« François Hollande doit faire partir Paul Biya » : l’Upc dans l’embarras

Dans son édition de lundi 10 août, le site d’information koaci.com a révélé que l’Upc, parti camerounais de l’opposition, a déposé un mémorandum dans les services de l’ambassade de France Search France au Cameroun, pour que le président français François Hollande intervienne afin que son homologue Paul Biya ne se représente pas à l’élection présidentielle de 2018.

« Nous avons souhaité que l’Hexagone intercède auprès de son ami du Cameroun pour éviter tout débordement qui pourrait découler de la participation de Paul Biya à cette échéance. Nous avons aussi demandé à Hollande d’intercéder auprès de son homologue pour le dialogue entre le personnel politique du Cameroun, soit sans délai implémenté dans le but d’éviter toute violence. Car nous sommes un parti qui veut le pouvoir et nous sommes prêts à contrer la candidature de Paul Biya », peut-on lire dans ce mémorandum écrit, semble-t-il, par les dirigeants de l’Upc selon le journal.

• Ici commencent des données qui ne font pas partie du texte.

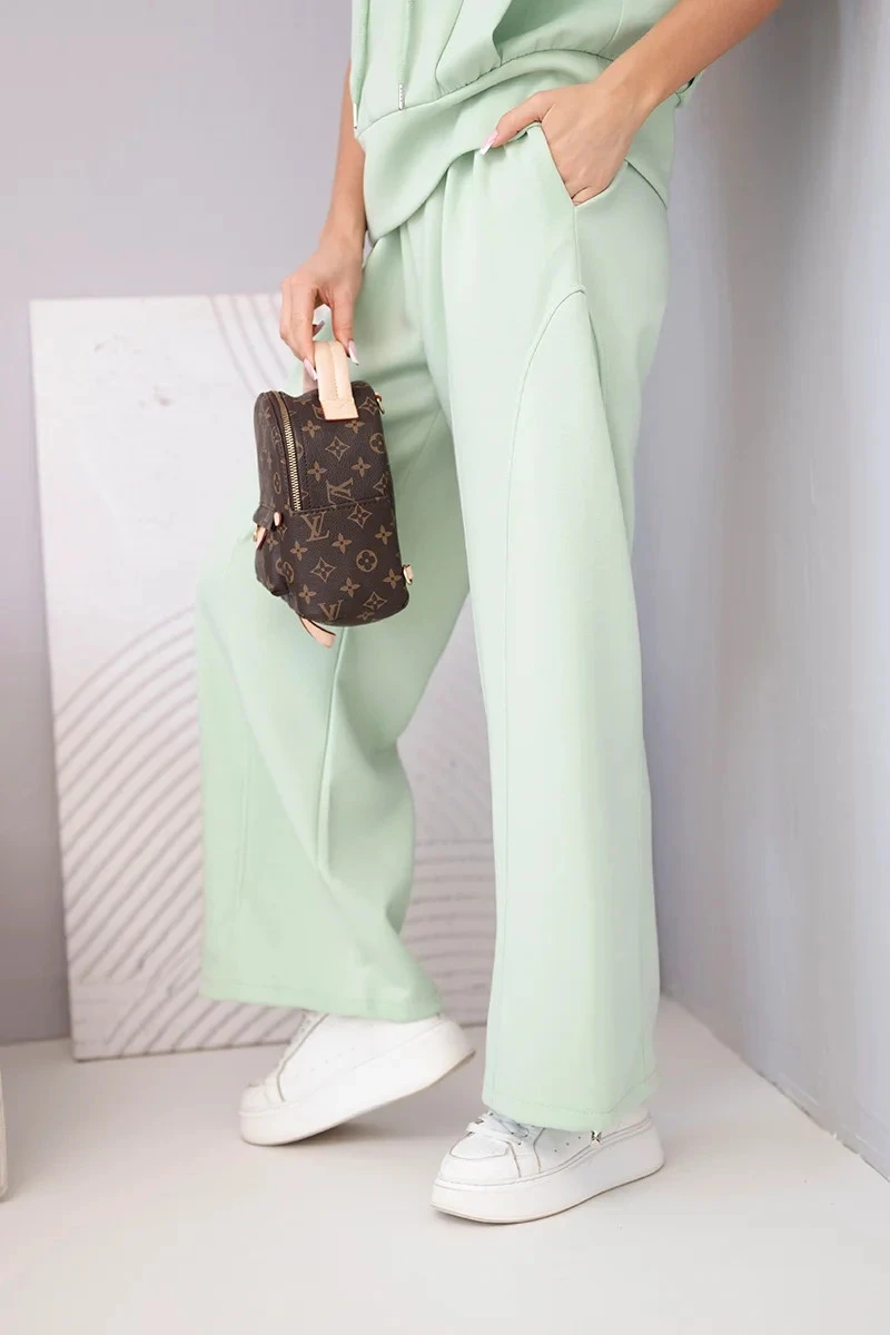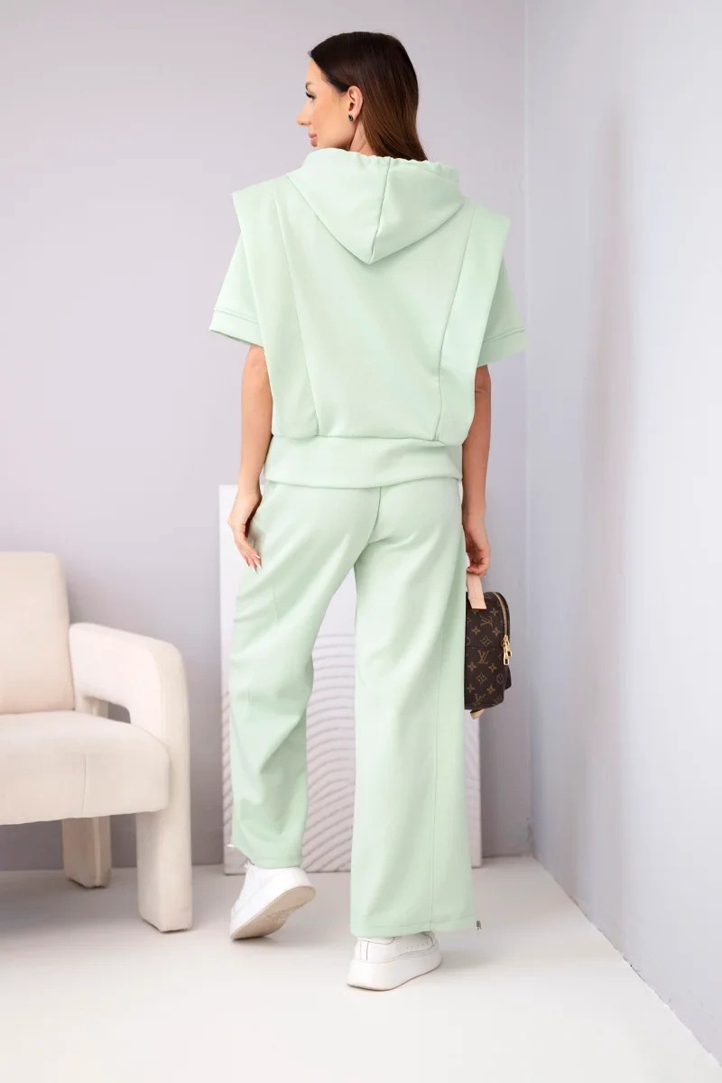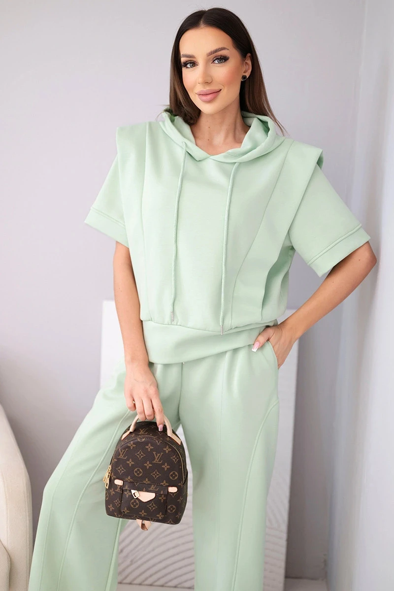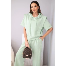 Dámský komplet máslová mikina s kapucí a volné kalhoty se šňůrkou tmavě mátová

Cette demande s’inscrit dans la lignée de comportement irresponsable d’une frange de la diaspora camerounaise qui, en mal de publicité, envoie des lettres aux institutions internationales comme les Nations-Unis ou au président américain Barack Obama pour réclamer le départ de Paul Biya. Il ne s’agit donc pas d’un acte isolé. Mais c’est la première fois qu’un parti politique, officiellement reconnu de surcroît, pose un acte aussi désespéré. Cela d’autant plus qu’on ne voit pas comment François Hollande, président d’un pays, pourrait répondre favorablement à leur demande en intervenant dans la politique nationale d’un homologue qui rappelons-le, a été élu démocratiquement. Et donc, à moins d’avoir recours à la violence, c’est aux Camerounais de décider démocratiquement qui doit les gouverner.

Comme nous l’affirmons tantôt, on observe depuis quelques années, une tendance chez certaines associations ou membres de la diaspora camerounaise, qui consiste à lancer au nom du peuple camerounais des appels qui se résument en une seule phrase : « Paul Biya doit partir ». Ces associations connues pour leur manque de crédibilité, passent leur temps à critiquer Paul Biya et sa politique sans rien proposer en échange. Au contraire, leurs critiques incessantes sont devenues au fil du temps leur programme politique. Elles disparaissent et reviennent sporadiquement – car elles ont beaucoup de difficulté malgré ce qu’elles laissent entendre, à rassembler du monde autour d’elles. La majorité des membres de la diaspora camerounaise étant parfaitement consciente du manque de sérieux de leurs actions ou plutôt de leur manque d’actions, ne les soutiennent pas. C’est la première fois qu’un parti politique officiel pose, comme ces dernières, un acte aussi irresponsable. Car comment peut-on aimer son pays, vouloir défendre ses intérêts et demander à une puissance étrangère d’intervenir dans les affaires de ce pays?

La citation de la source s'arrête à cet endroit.